Data:
================
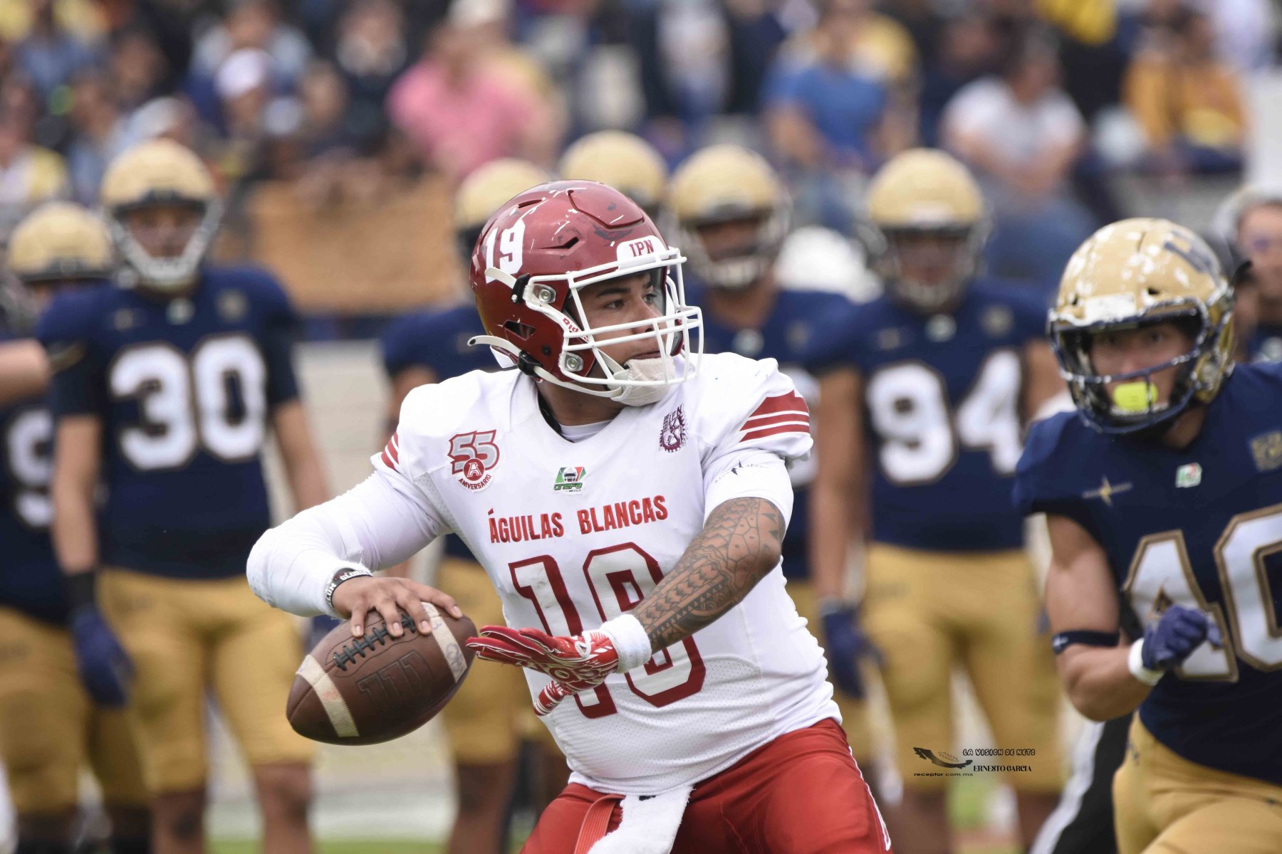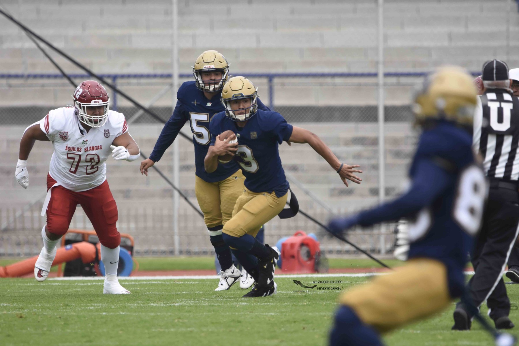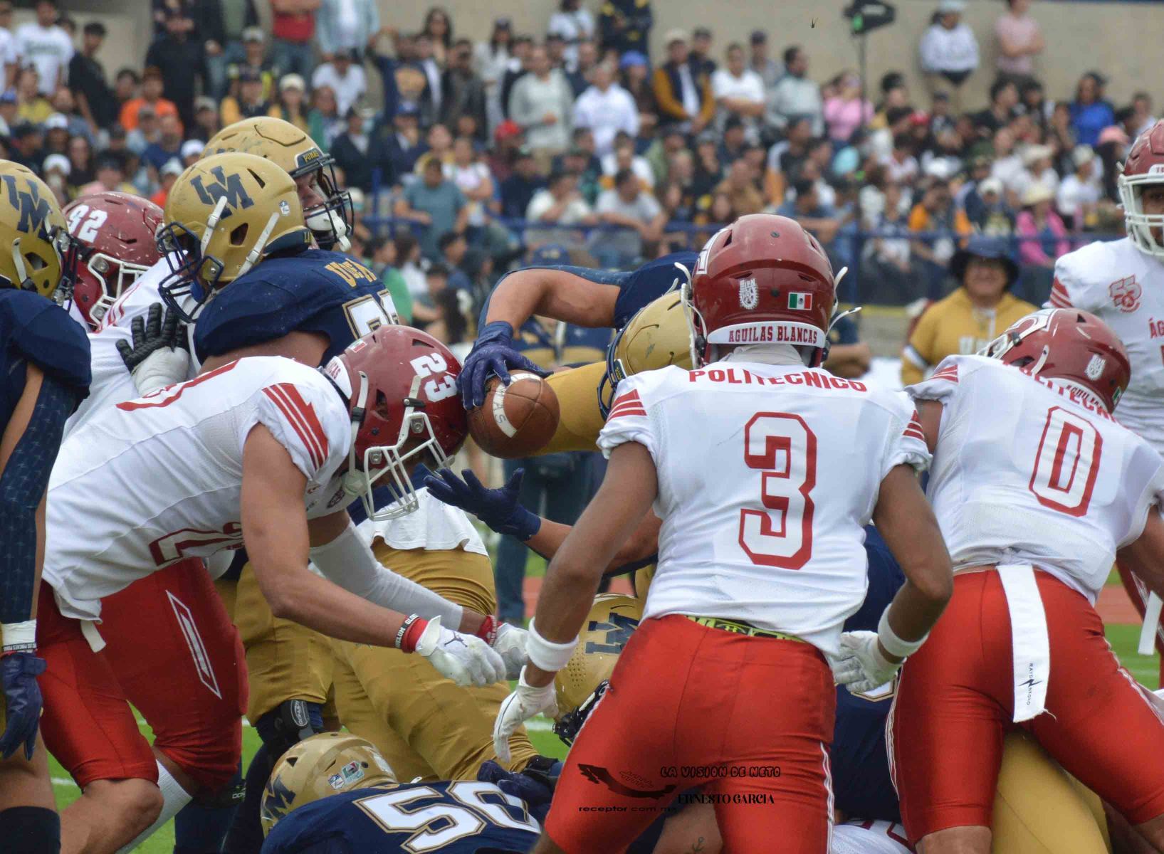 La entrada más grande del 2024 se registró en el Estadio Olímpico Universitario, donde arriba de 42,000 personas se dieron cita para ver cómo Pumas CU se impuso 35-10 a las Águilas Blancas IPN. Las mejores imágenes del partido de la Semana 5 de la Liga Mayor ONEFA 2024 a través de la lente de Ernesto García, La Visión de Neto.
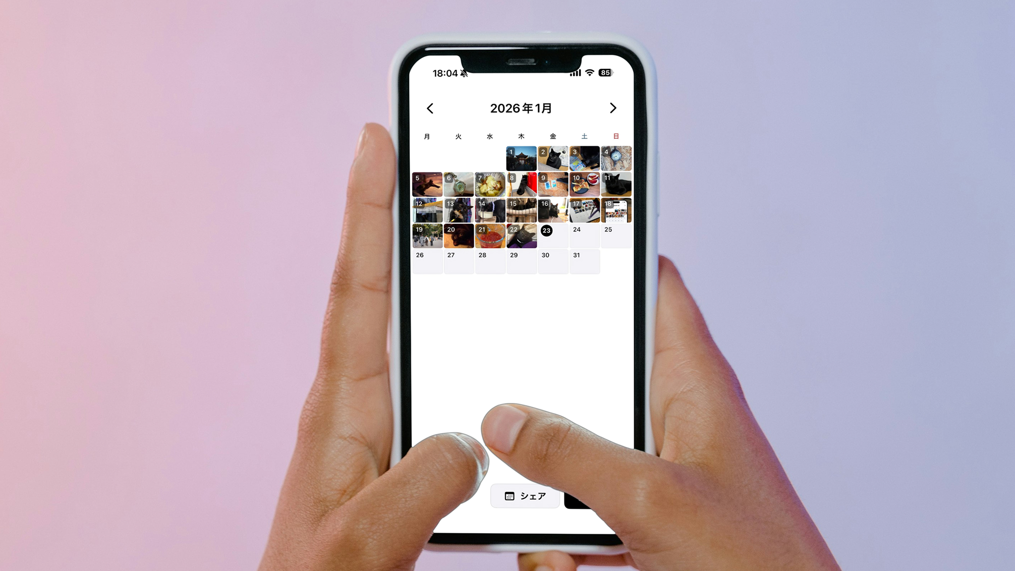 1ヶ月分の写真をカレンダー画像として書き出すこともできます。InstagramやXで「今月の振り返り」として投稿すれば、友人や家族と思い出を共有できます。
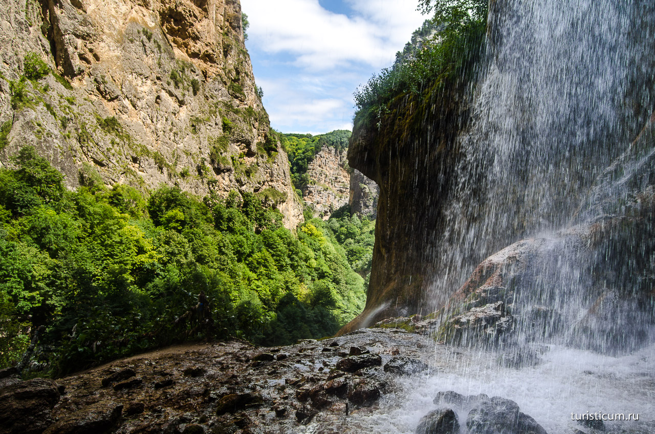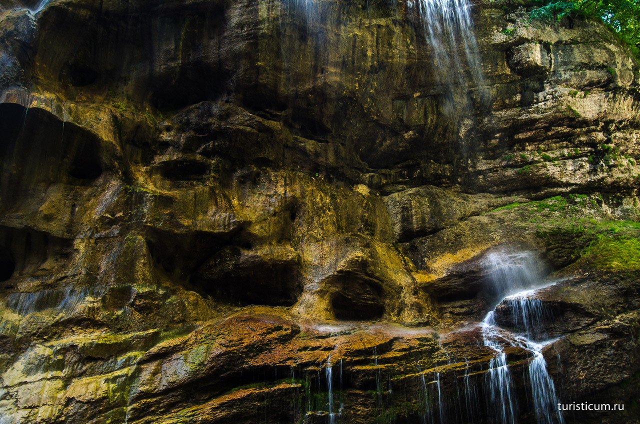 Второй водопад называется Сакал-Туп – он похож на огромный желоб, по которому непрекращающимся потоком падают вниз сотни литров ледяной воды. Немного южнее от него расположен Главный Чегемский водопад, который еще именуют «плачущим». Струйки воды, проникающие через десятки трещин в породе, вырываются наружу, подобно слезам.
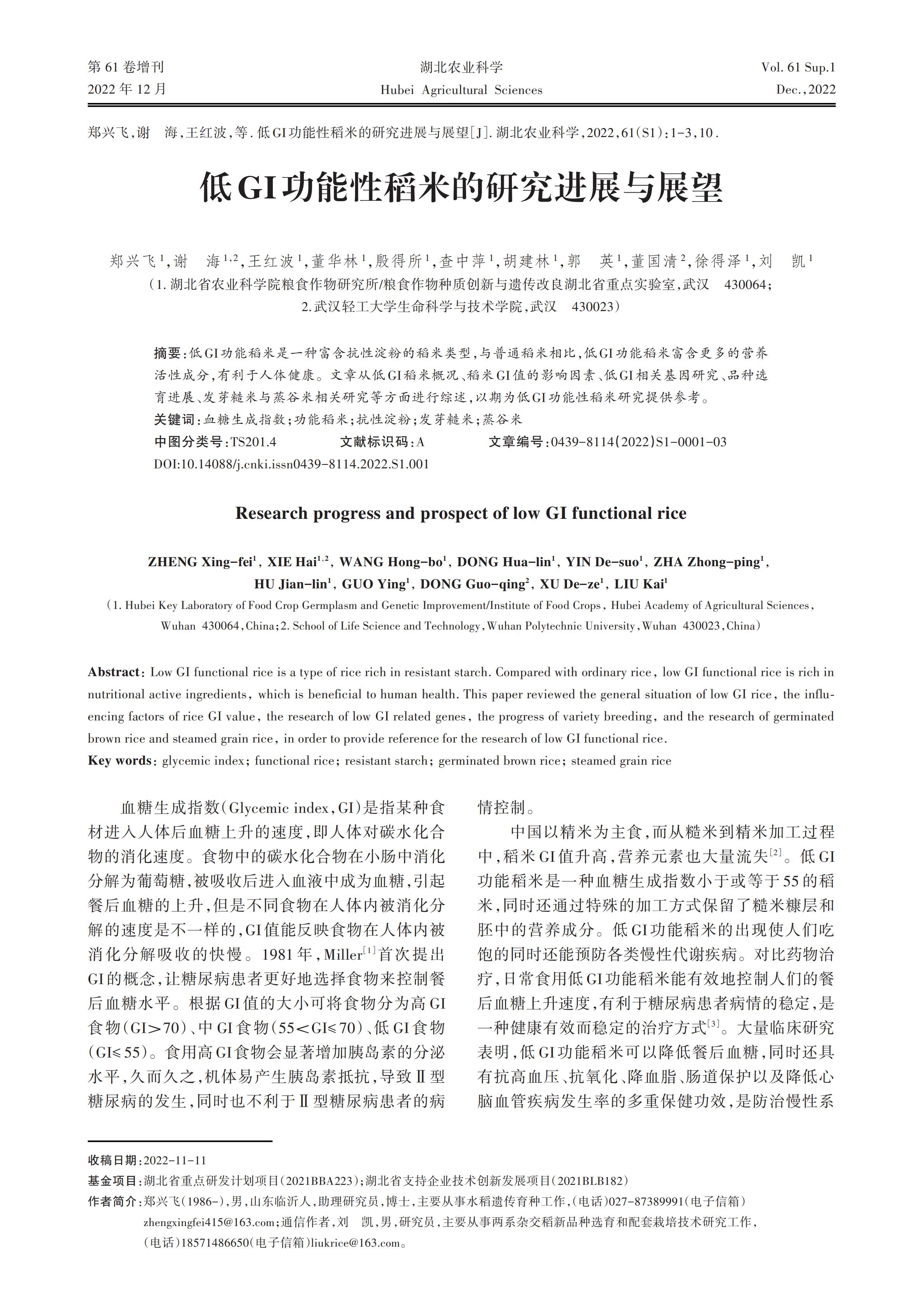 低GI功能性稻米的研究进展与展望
================
Problem to solve: Top to bottom, retype the listing exactly but drop every picture.

Response to the exercise:
 La entrada más grande del 2024 se registró en el Estadio Olímpico Universitario, donde arriba de 42,000 personas se dieron cita para ver cómo Pumas CU se impuso 35-10 a las Águilas Blancas IPN. Las mejores imágenes del partido de la Semana 5 de la Liga Mayor ONEFA 2024 a través de la lente de Ernesto García, La Visión de Neto.
 1ヶ月分の写真をカレンダー画像として書き出すこともできます。InstagramやXで「今月の振り返り」として投稿すれば、友人や家族と思い出を共有できます。
 Второй водопад называется Сакал-Туп – он похож на огромный желоб, по которому непрекращающимся потоком падают вниз сотни литров ледяной воды. Немного южнее от него расположен Главный Чегемский водопад, который еще именуют «плачущим». Струйки воды, проникающие через десятки трещин в породе, вырываются наружу, подобно слезам.
 低GI功能性稻米的研究进展与展望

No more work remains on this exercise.